Wednesday 4 September 2019

Modi, Abe have task cut out in Russia: Prying Putin away from China

Alarmed by Russia’s growing partnership with China, Beijing’s Asian neighbors are increasingly looking for ways to court Moscow away.
That is exactly what Prime Minister Narendra Modi and Japanese Prime Minister Shinzo Abe aim to do at the annual Eastern Economic Forum in Vladivostok this week. Chinese leader Xi Jinping will be notably absent from the event, Russian President Vladimir Putin ’s showcase for investment opportunities in his country’s Far East.

“Both of them are interested in seeing how they can come between Putin and Xi,” said Alexander Gabuev, senior fellow at the Carnegie Moscow Center think tank. “They each have their own agenda, but both share an interest in prying Moscow away from Beijing.”
Russia and China have touted their strengthening relationship; trade has increased and the two plan to sign a new military agreement. But the depth of the relationship is untested, and China’s investments in Russia have fallen far short of the expectations built up when Moscow announced its pivot to the East in 2014, as relations with the West worsened. That has left other regional powers wondering how to exploit potential weaknesses in their relationship.
This year’s forum is the fifth. As Russia has failed to attract big business investments to its generally underdeveloped Far East, the event has become a forum for Russia’s political elite, showcasing top-down government development plans.
Apart from better bilateral ties at the expense of China, Modi will probably seek from Putin support for his new Kashmir policy, which seeks to incorporate the region—also claimed by Pakistan—into India’s federal territory. China has spoken out against Modi’s move, while Moscow has withheld any criticism.
But the prime minister is likely just as interested in new nuclear projects and continuing arms deals—as well as opportunities in Russia’s Far East. In the run-up to the forum, officials and investors from five Indian states have been led around the Far East to look at possibilities, including in diamond mining to feed India’s huge market.
India’s ties to Russia—and before that the Soviet Union—have diminished as New Delhi’s relationship with the US has improved over the past decade. But Modi strengthened them earlier this year with a $5.4 billion deal to buy Russia’s S-400 air-defense system.
Russia has said it is ready to make all necessary efforts to get the deal done by 2023 as scheduled despite severe objections from Washington.
“The contract will be realized fully,” Russian state news agency RIA quoted Roman Babushkin, diplomatic adviser to Russia’s embassy in India, as saying. “We intend to make that happen.”

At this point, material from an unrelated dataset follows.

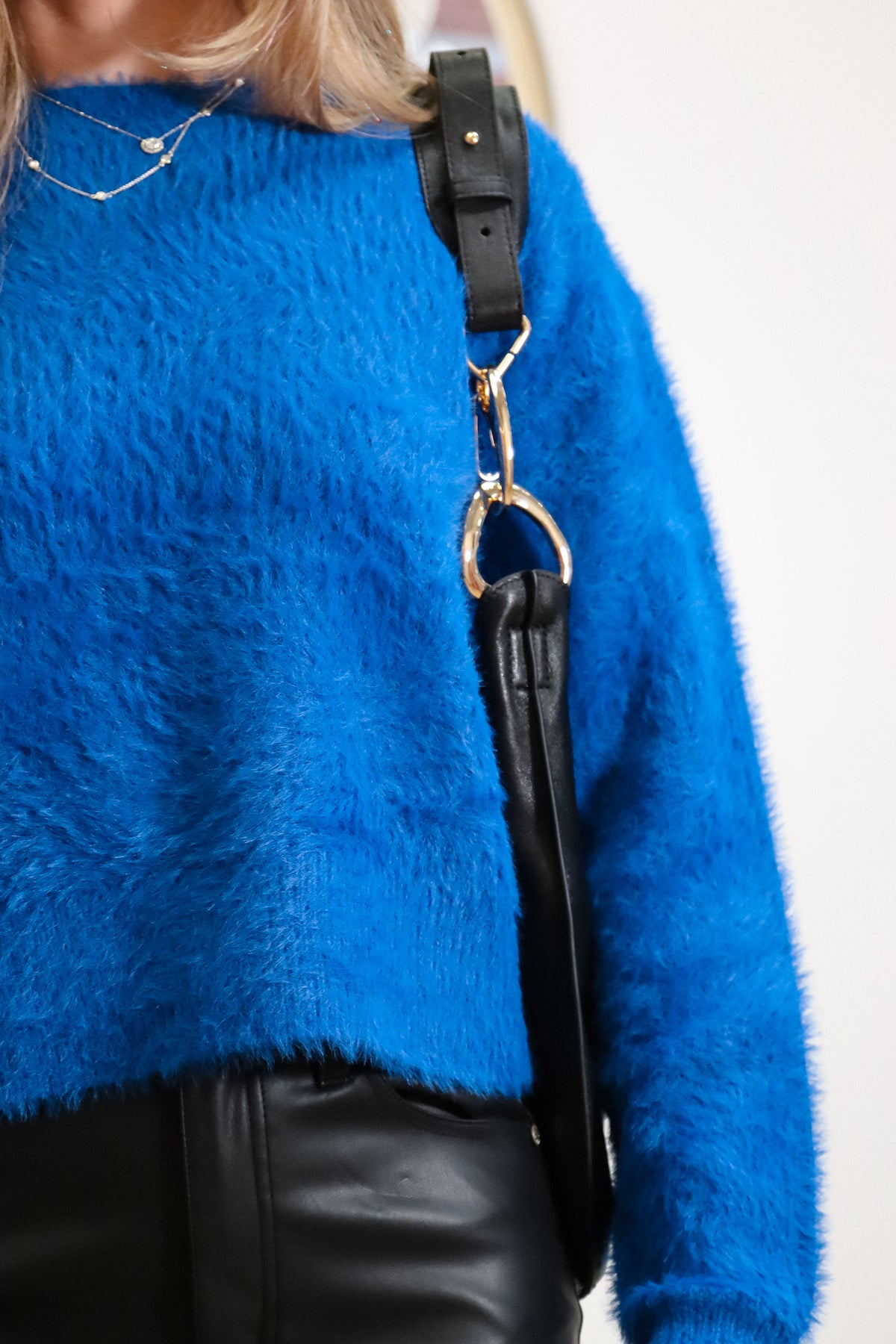 Fuzz Cobalt Crewneck Eyelash Sweater

Russian and Indian delegations will also discuss boosting current atomic cooperation with a new nuclear-energy reactor in India.
For Abe, talks with Putin are part of Tokyo’s pursuit of inroads with Asian and Pacific countries as the US—under a Trump administration seen as looking increasingly inward—comes to be regarded as a less reliable bulwark against China.

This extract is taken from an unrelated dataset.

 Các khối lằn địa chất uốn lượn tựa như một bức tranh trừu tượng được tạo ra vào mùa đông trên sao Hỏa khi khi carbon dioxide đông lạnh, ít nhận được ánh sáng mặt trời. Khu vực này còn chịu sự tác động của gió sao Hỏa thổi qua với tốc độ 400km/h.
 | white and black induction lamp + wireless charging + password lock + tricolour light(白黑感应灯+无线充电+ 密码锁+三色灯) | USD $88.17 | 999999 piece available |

“The Japanese are involved in very elaborate contingency planning against possible Chinese moves, especially at a time when the US is becoming less reliable. And for this reason, they’re trying to make a network of relationships, including with Russia,” said Vasily Kashin, an East Asia expert at the Moscow-based School of Higher Economics.

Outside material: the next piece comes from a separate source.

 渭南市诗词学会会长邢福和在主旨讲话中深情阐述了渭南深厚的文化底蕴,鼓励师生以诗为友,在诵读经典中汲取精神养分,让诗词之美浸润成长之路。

For Russia, flirtations with China’s regional rivals come at little expense.
“There is a vagueness in their relationship that both Russia and China are comfortable with,” said Kashin. “They both understand the other needs other partners.”
To make progress with Russia may require Abe to retreat on a territorial dispute he has vowed to resolve, over a group of islands seized from Japan by Soviet Union in 1945.
The islands, which Japan calls the Northern Territories and Russia calls the South Kurils, have become symbols of national sovereignty in both nations, raising the political cost of any concession. Though there was talk from both sides of progress a year ago, the only new agreement that Abe and Putin emerged with from their meeting at the Group of 20 summit in Osaka in June was to cooperate on garbage disposal on the disputed islands.
Little more is expected this week. In his more than two dozen meetings with Putin, Abe has generally avoided open conflict and tried to present a picture of improving relations. Japan observers say that is likely to continue at the Vladivostok meeting Thursday.